Nov 2, 2015, 08.00AM IST | Economic Times
Arvind is an IT professional, living in a metro with his wife and children. His income has been steadily rising over the last 10 years. The family leads a comfortable life, despite servicing a home loan taken eight years ago. Arvind’s wife now wants to renovate the house. The family had not planned on or saved for this expenditure. Arvind is unable to spare any funds and he does not want to draw from his existing investments. Since the renovation is going to be a one-time expenditure, his wife suggests that they take a personal loan. Is that the right thing to do?

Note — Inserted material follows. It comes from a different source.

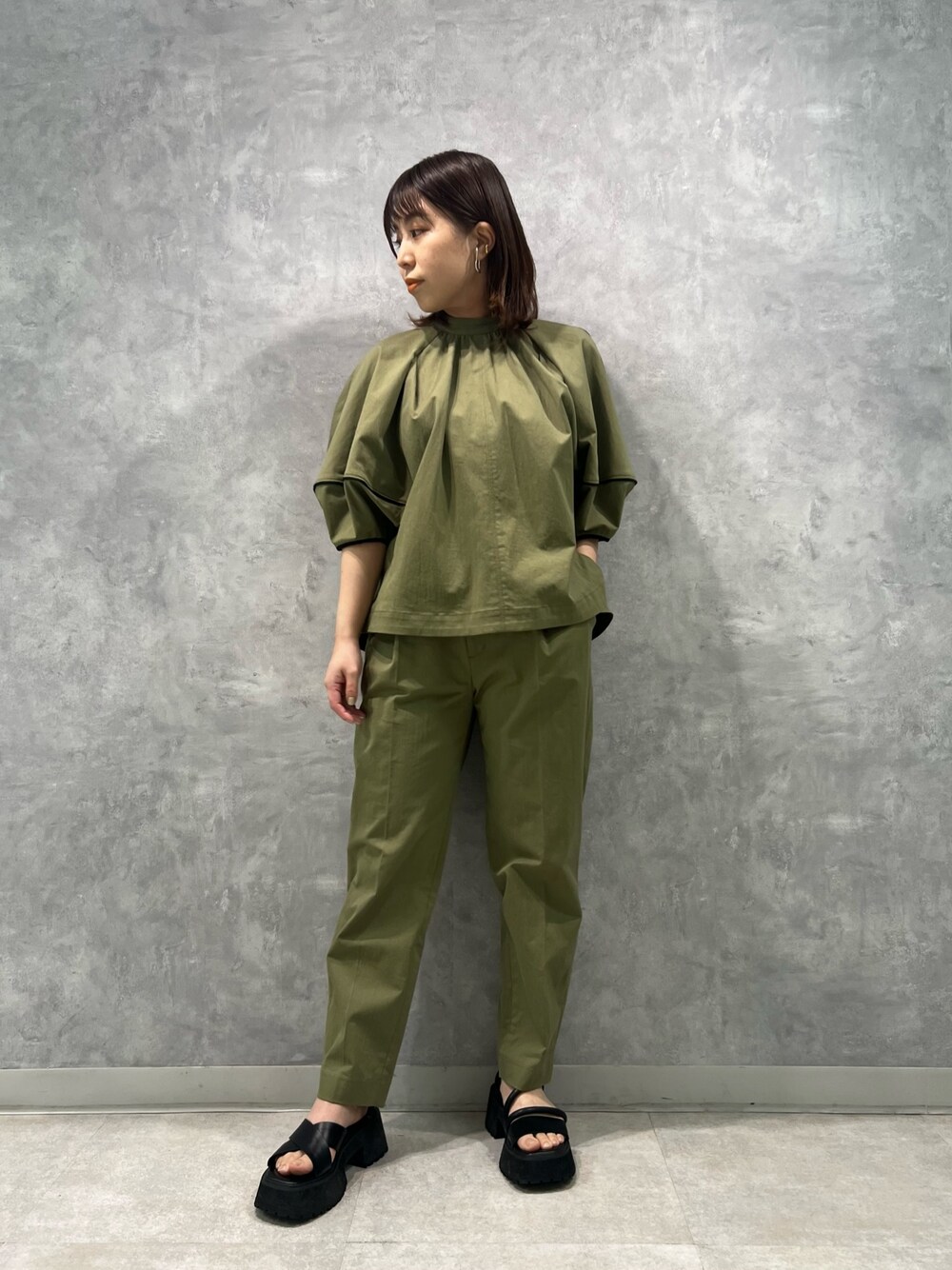 【セットアップコーディネート】ブラウス▶ハリのある素材感で袖の立体的なデザインがポイント✨ブラックのパイピングがアクセントに🖤前後2wayで羽織としても着られるので、夏の冷房対策や二の腕カバーに大活躍です! パンツ▶ハイウエストで脚長効果抜群◎!横にファスナーがあるため、形が崩れず、トップスをINして着る時も綺麗に履けます✨ ※サンプルのため02サイズ着用していますが、ウエストが細い方・コンパクトに履きたい方は01サイズがオススメです。 サンダル▶左右アシンメトリーでデザインが違うところがお洒落で可愛い✨厚底で身長が盛れるため、小柄さんにおすすめです!※足のサイズ23.5(幅広め)でサンプルの38は大きかったです。同じサイズの方は37がおすすめです。

Arvind is not keen on going through the hassless of applying for a new loan. Since he already has a running home loan, his financial adviser suggests taking a top-up loan, which would be a better and faster option than a personal loan. Arvind will be eligible for a top-up loan now since the original loan was taken eight years ago and he has been diligently paying all the EMIs towards repaying that. Moreover, thanks to the steady rise in his income, he will be eligible for a sufficiently big topup loan.
Considering Arvind is an existing customer, the documentation and the overall process will be fast in case of a top-up loan as there is an existing relationship and the history is known by the lender. Moreover, with a top-up loan, he gets the benefit of a longer repayment tenure. The maximum tenure for a personal loan is 5 years while a top-up loan’s tenure could go up to the remaining tenure of the home loan. Also, the interest rates on top-up loans are lower than a personal loan. A personal loan is unsecured, while the top-up is an additional home loan secured by the property. Additionally, Arvind will be able to seek tax benefits as he plans to utilise the top-up loan amount for renovating the existing house.
For someone like Arvind who has a good repayment track record, availing a top-up loan may work out to be an efficient solution. He would get the benefit of a secured loan (lower interest rate and EMI, longer tenure) without having to mortgage a new asset. He should, however, review the insurance cover for the loan and ensure that it is also modified to cover the new increased liability.